→ Exercise instructions: Could you give the data below again exactly, apart from the pictures?

→ Data:

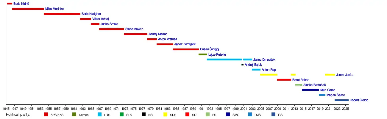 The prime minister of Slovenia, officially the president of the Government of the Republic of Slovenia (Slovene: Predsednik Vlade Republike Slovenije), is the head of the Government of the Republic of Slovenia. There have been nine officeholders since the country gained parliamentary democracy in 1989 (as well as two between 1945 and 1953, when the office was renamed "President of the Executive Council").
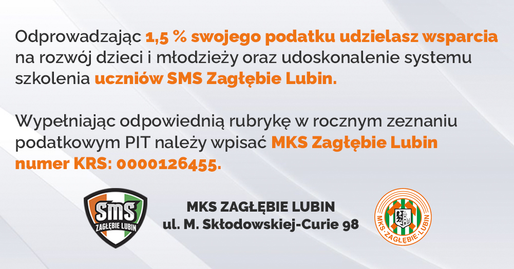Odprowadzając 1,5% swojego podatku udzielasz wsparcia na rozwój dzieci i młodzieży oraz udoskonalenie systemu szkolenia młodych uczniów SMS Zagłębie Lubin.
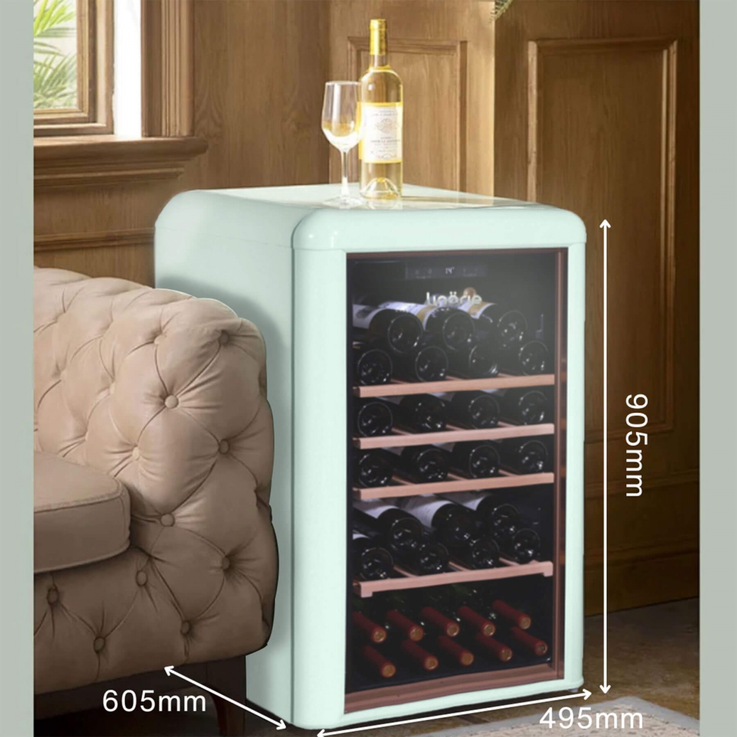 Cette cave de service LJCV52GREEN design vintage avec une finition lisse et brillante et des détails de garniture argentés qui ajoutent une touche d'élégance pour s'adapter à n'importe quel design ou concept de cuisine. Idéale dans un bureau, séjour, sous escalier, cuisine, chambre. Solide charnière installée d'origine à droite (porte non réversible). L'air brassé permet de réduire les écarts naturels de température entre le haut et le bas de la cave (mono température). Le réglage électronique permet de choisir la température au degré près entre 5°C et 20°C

→ Exercise answer:
 The prime minister of Slovenia, officially the president of the Government of the Republic of Slovenia (Slovene: Predsednik Vlade Republike Slovenije), is the head of the Government of the Republic of Slovenia. There have been nine officeholders since the country gained parliamentary democracy in 1989 (as well as two between 1945 and 1953, when the office was renamed "President of the Executive Council").
Odprowadzając 1,5% swojego podatku udzielasz wsparcia na rozwój dzieci i młodzieży oraz udoskonalenie systemu szkolenia młodych uczniów SMS Zagłębie Lubin.
 Cette cave de service LJCV52GREEN design vintage avec une finition lisse et brillante et des détails de garniture argentés qui ajoutent une touche d'élégance pour s'adapter à n'importe quel design ou concept de cuisine. Idéale dans un bureau, séjour, sous escalier, cuisine, chambre. Solide charnière installée d'origine à droite (porte non réversible). L'air brassé permet de réduire les écarts naturels de température entre le haut et le bas de la cave (mono température). Le réglage électronique permet de choisir la température au degré près entre 5°C et 20°C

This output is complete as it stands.